千尋もまた、 自身のペニス全体が、三十八度の生暖かい動く肉の壁に 完全に 犯される感覚に、脳のヒューズが飛びそうになる。
「せま、すぎる……っ! 締め付けが、さっきの比じゃない……!」
一突きごとに、 狭い壁と壁が擦れ合い、「くちゅくちゅ」と濃密な音が部屋に響き渡る。快感が、二人の肉体の間で無限に往復し、増幅していく。お互いが興奮の閾値を遥かに超え、もはや離れることなど物理的にも精神的にも不可能な状態に陥っていた。
狭い壁のなかで溢れる奔流
そして、限界はすぐに訪れた。
千尋が彼女の最奥を強く、 突き上げて固定した瞬間、 二人の身体が同時に硬直する。
「いく、いく、いっちゃううう――っ!!」
「だめだ、もう、出る、膣の中で、ぜんぶ――っ!!」
ドクン、と千尋のペニスが彼女の狭い膣内で大きく跳ね、 爆発的な射精が始まった。
しかし、今回の快楽はそこで終わりではなかった。
通常の射精であれば、放出とともに興奮は収束に向かう。だが、超高感度化した二人の肉体、そして「狭い膣内」という密閉空間が、異次元の現象を引き起こした。

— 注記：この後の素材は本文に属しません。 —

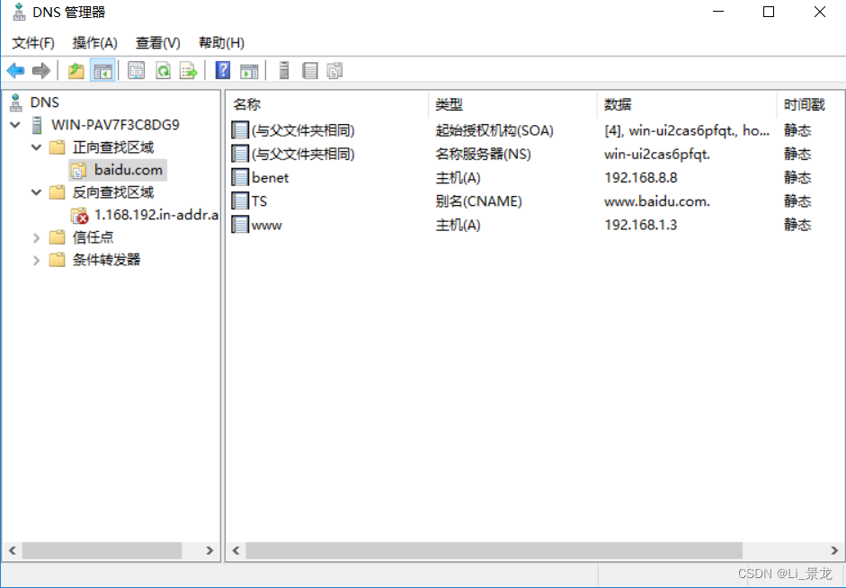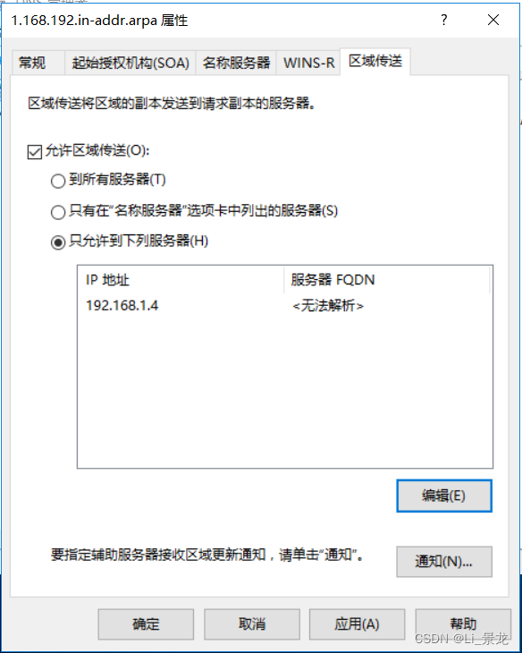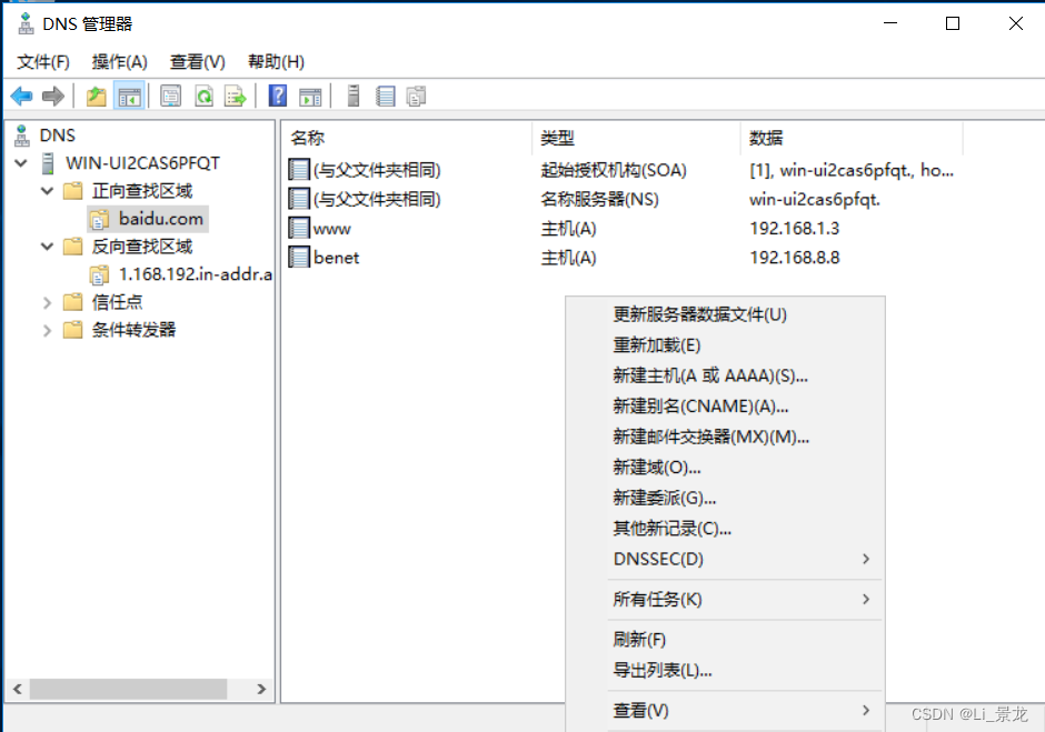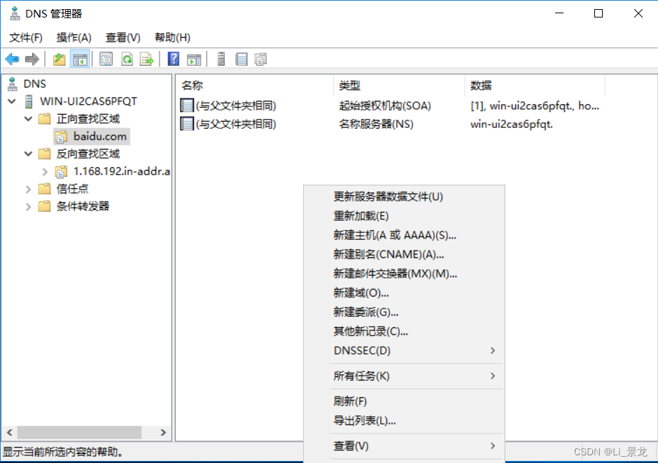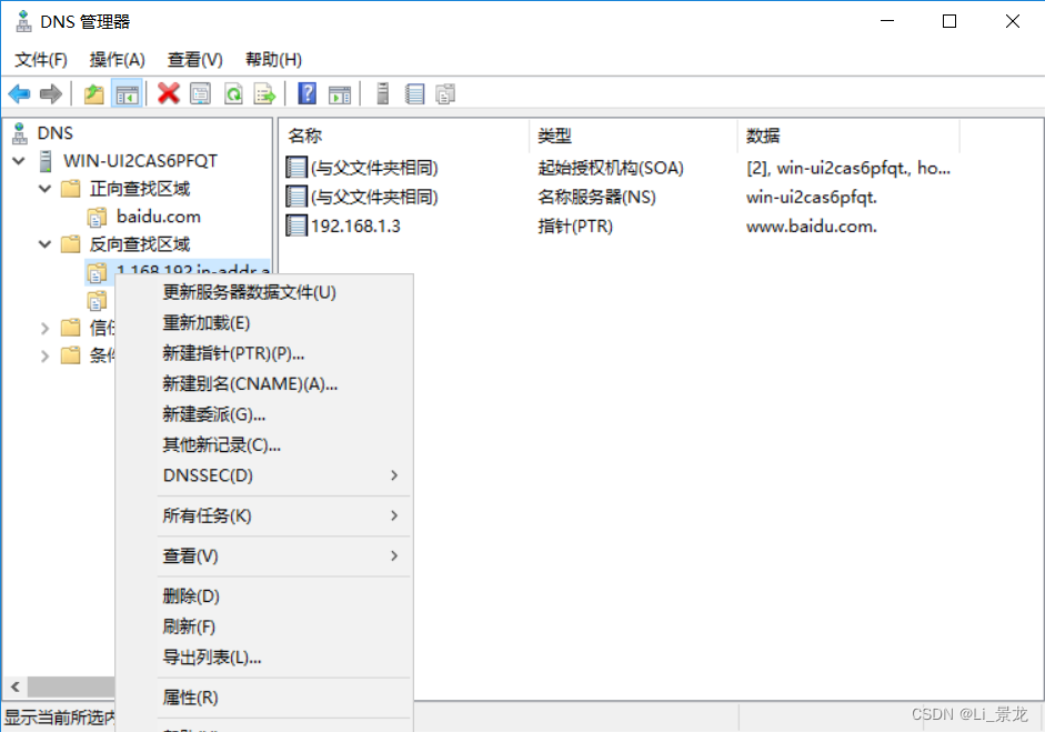 - 在主服务器上,右击192.1的逆区域,选择属性。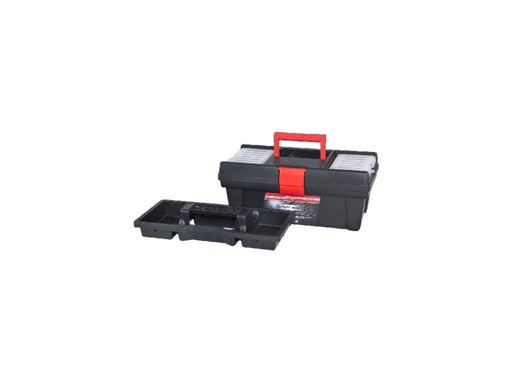 Der STUFF PROFI Werkzeugkoffer ist aus hochwertigem Kunststoff gefertigt, im oberen Teil befinden sich zwei Organizer für Kleinteile, die mit einem Deckel verschlossen sind, und es gibt auch ein Loch für ein Vorhängeschloss."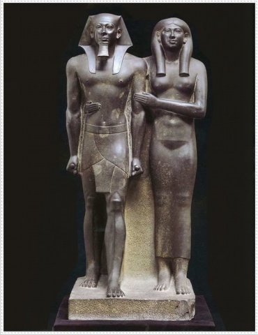 闪绿色粘板岩雕刻,高约142厘米,约创作于公元前2600年,现收藏于美国波士顿博物馆。这是埃及古王国第四王朝时期的一尊双人立像,也是当时帝王立像中最典型的代表。雕像刻划的是埃及古王国第四王朝第五个法老门考拉和他的王妃。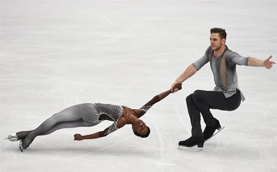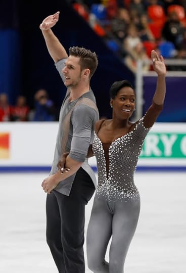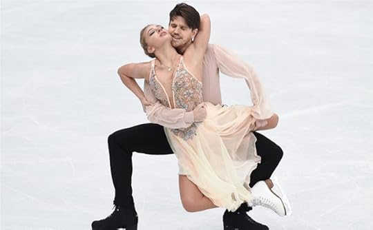 Alexandra Stepanova and Ivan Bukin of Russia Free Dance to Love Story Theme, Love's Dream by Rick Wakeman, Liebestraum No. 3 in A-Flat Minor, S. 541 by Franz Lizst, performed by Martin Jones: These costumes were pretty, and right for the music. The delicate blush pink color story hinted at love. At first I was worried that the color should have been stronger since their own skin color isn't too far away from that blush muted pink but, surprisingly it worked on them. I also loved the intricate, yet beautiful sequined flower applique on her torso which, once again, gave a nod to romance. His soft blouson-sleeve shirt (with a DEEP plunging neckline!) also gave a feel of Romanticism and Love. Their Free Dance was so intense that I was like "Y'all need to get a hotel suite!". They may have time since, it was just announced that Ivan, unfortunately WILL NOT BE going to the Pyongchang Winter Olympics (illegal substance perhaps?).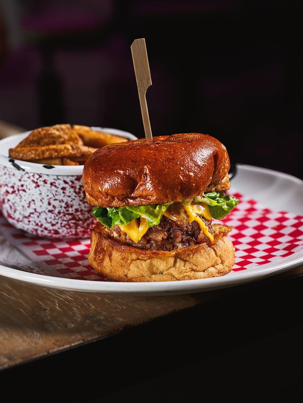 - Hamburguesa descomunal: Una jugosa hamburguesa rellena de mermelada de tocineta y mezcla de quesos, coronada con salsa de la casa y cogollo europeo fresco en pan brioche artesanal. Servida con papas a la francesa.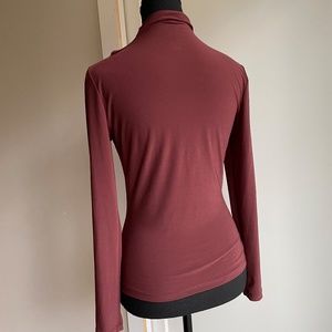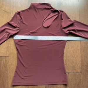 Mock Neck Long Sleeve.Brown Top with Cut out at chest/shoulder

千尋のペニスの先端から、 勢いよく、そして大量の熱い精液が噴き出す。
その熱い液体の奔流が、彼女の極限まで敏感になった膣壁の襞(ひだ)の隅々にまで、 強い圧力を持って激しく衝突したのだ。
「ひゃああああっーーー!!? あつい、なにかが、いっぱい、入ってくる――っ!!」
彼女は白目を剥くようにして、激しく身体を震わせた。
千尋のペニスそのものの摩擦だけでなく、流れ込む「大量の精子の塊」が、狭い壁を内側から押し広げ、刺激する微細な感覚までもが、彼女の脳に狂おしいほどの快感として伝わった。
終わらない放出と、連鎖する絶頂
「は、離れられない……、すごい、まだ出てる……っ!」
千尋は彼女の中に深く挿入したまま、 激しく痙攣を続けていた。
ペニスが脈打つたびに、ドクドクと熱い精液がさらに追加で送り込まれていく。その間も、狭い膣内は精液で満たされ、 逃げ場を失った液体が壁を刺激し続けるため、彼女は一瞬の休息も許されず、何度も、何度も、連続して絶頂(オルガズム)の波に襲われ続けた。

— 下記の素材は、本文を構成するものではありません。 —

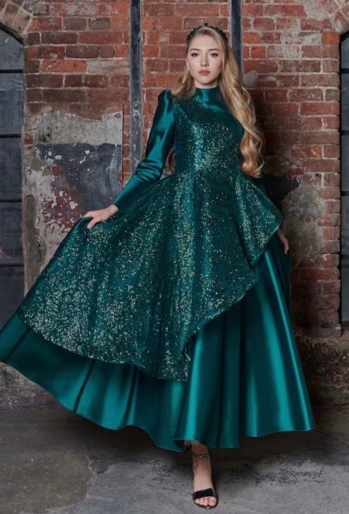 Uzun kollu, parlak detaylı, yeşil tesettür abiye. Özel günler için şık bir seçim. Ürün etiketli ve sıfırdır. Tafta saten kumaştır. Zümrüt yeşil renk, ön etek payetlidir. Kıyafet boy 1.40 cm’dir. 36 bedendir. Manken ölçüleri: Boy/ 1.65- Kğ/50 Kıyafet birebir aynıdır. Lütfen ciddi alıcılar yazsın. Ürün yeni ve sıfır olduğu için alındıktan sonra iptal iade kabul etmiyorum..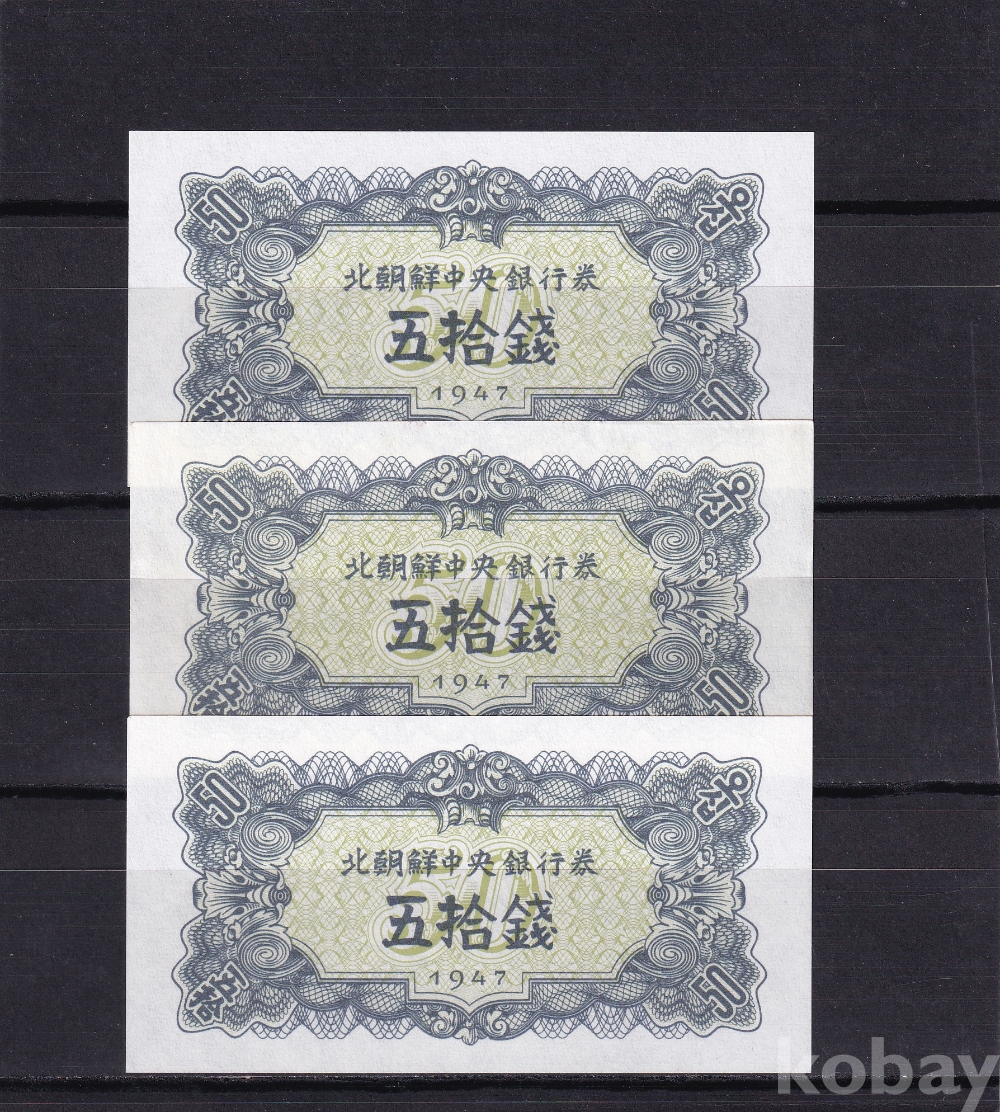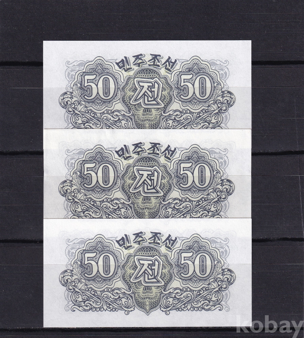 -희귀- 윗동네 1947년 무투문 오리지널 50전 미사용 지폐 -3장 일괄

「あ、あ、あ、ああ! もう無理、千尋、中が、精子で、あたまがおかしくなる――っ!」
彼女の膣壁は、 流れ込む精液の熱さと刺激に翻弄され、千尋のペニスをさらに強く、 狂ったように締め付ける。その 強烈な 締め付けが、今度は千尋のペニスをさらに刺激し、 射精の波を終わらせてくれない。
精子が出続ける限り、彼女が感じ、彼女が感じるほどに、千尋もまた果て続ける。
二人の肉体は、 狭い膣の中で完全に 一体化し、 ドロドロの快楽の液体によって 固く 結びつけられていた。溢れ出る吐息と、 結合部から漏れる 濡れた音だけが、 終わりのない恍惚の時間を 刻み続けていた。